Более зло в романе был описан давно покинутый автором мир литературы с Ликоспастовым – Слезкиным, Рвацким – Каганским, Бондаревским – Алексеем Толстым, Агапеновым – Пильняком, Лесосековым – Леоновым, с не разгаданным никем из дешифровщиков беллетристом Фиалковым и, наконец, единственным, пусть не светлым, но, так скажем, неуничижительным, неоднозначным персонажем – издателем Рудольфи, прототип которого Исай Григорьевич Лежнев не только вернулся в Советский Союз, но и в середине 1930-х неожиданно вновь возник на булгаковском горизонте. «Сегодня у нас появился Исай Лежнев, тот самый, который печатал „Белую гвардию“ в „России“. Он был за границей в изгнании, несколько лет назад прощен и вернулся на родину, – записала Елена Сергеевна 22 августа 1935 года. – Несколько лет не видел М. А. Пришел уговаривать его ехать путешествовать по СССР. Нервен, возбужден, очень умен, странные вспухшие глаза. Начал разговор с того, что литературы у нас нет» [21; 93].
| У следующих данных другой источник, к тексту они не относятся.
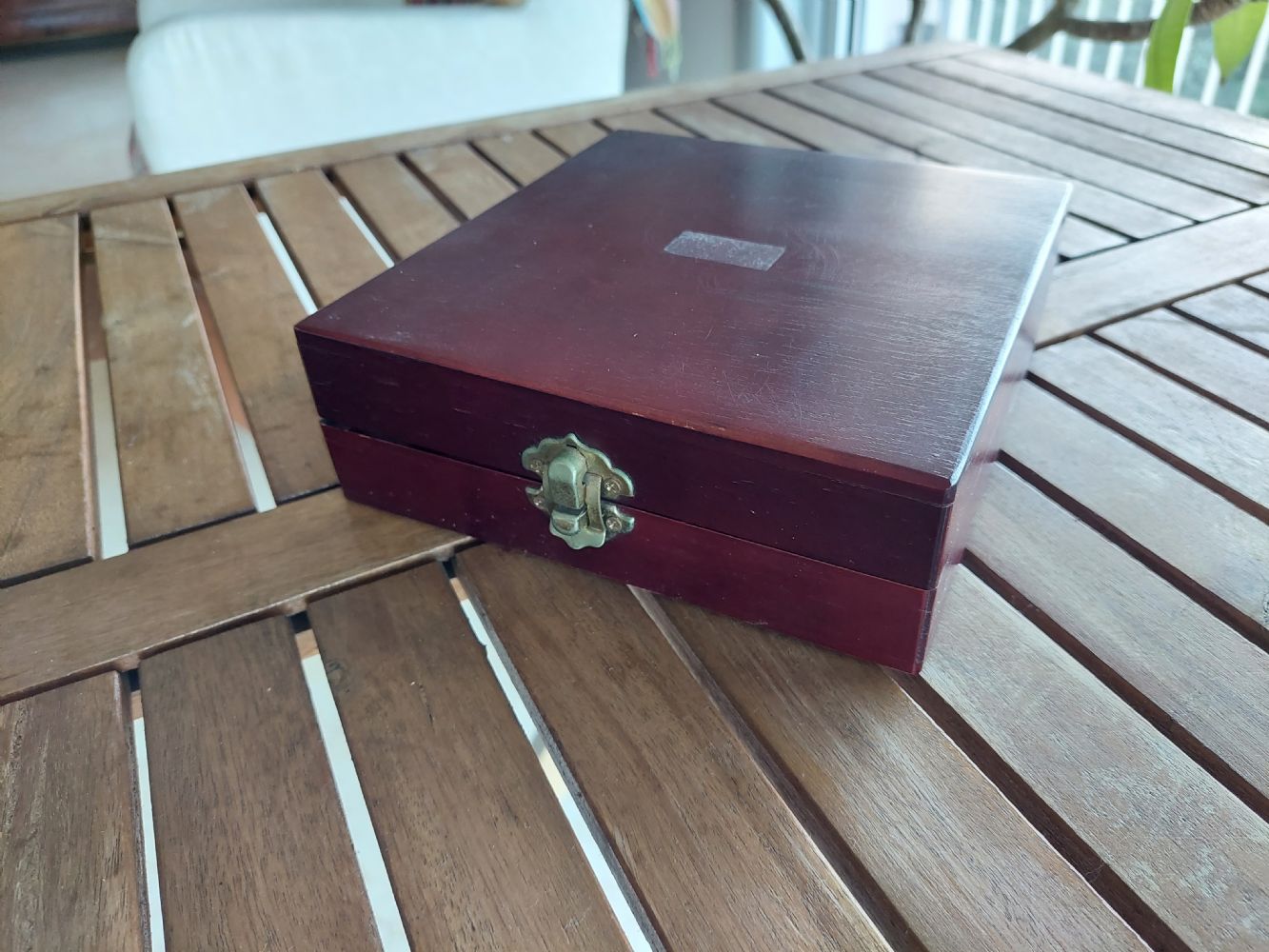 Descrizione:Set SCATOLA in legno per la cura del Vino composta da 1 beccuccio per versare 1 termometro 1 corona salvagoccia 1 tappo ermetico in acciaio

Булгаков никуда с ним не поехал, но нет сомнения, что авантюрная судьба Рудольфи произвела на него впечатление и послужила лишним доводом обратиться к оставленному проекту, а с приговором опытного и сведущего Лежнева о том, что в СССР нет литературы, он наверняка в душе согласился, и писательский мир, который так не понравился его автобиографическому герою, изобразил в романе в неприглядном свете и безо всякой любви. Современных ему рассказчиков, драматургов и романистов, а тем более тех, о ком шла в романе речь, Булгаков на чтение ни разу не позвал (хотя слухи до иных из них доходили; так, Слезкин вскользь отметил в дневнике, что Булгаковым написана «очень злая и остроумная пьеса о МХАТе – зубоскальство и только» [81]), а что касается их наследников, то писатели, как известно, люди к брани привычные и, в отличие от актеров, весьма терпимые и снисходительные, и им-то уж точно было не до обид, тем паче до коллективного протеста. Они булгаковским романом сердечно восхитились и никакой клеветы на молодую советскую литературу в нем не узрели, хотя как раз в литературных главах очень злая, ядовитая и не вполне справедливая поименная критика была. Но даже такие разные и враждующие меж собой личности, как Александр Твардовский, первый публикатор журнального варианта «Театрального романа», и Константин Симонов, автор предисловия к самой знаменитой булгаковской книге – увесистому зеленому однотомнику 1973 года, включившему в себя «Белую гвардию», «Театральный роман» и «Мастера и Маргариту», высоко это произведение поставили, и никто не подумал вступиться ни за честь Алексея Толстого, ни за доброе имя Бориса Пильняка, не говоря же о полузабытом Юрии Львовиче Слезкине. Все затмил театр, о котором Булгаков написал с такой любовью, точно не было ни горечи, ни обид, ни взаимных претензий и оскорблений.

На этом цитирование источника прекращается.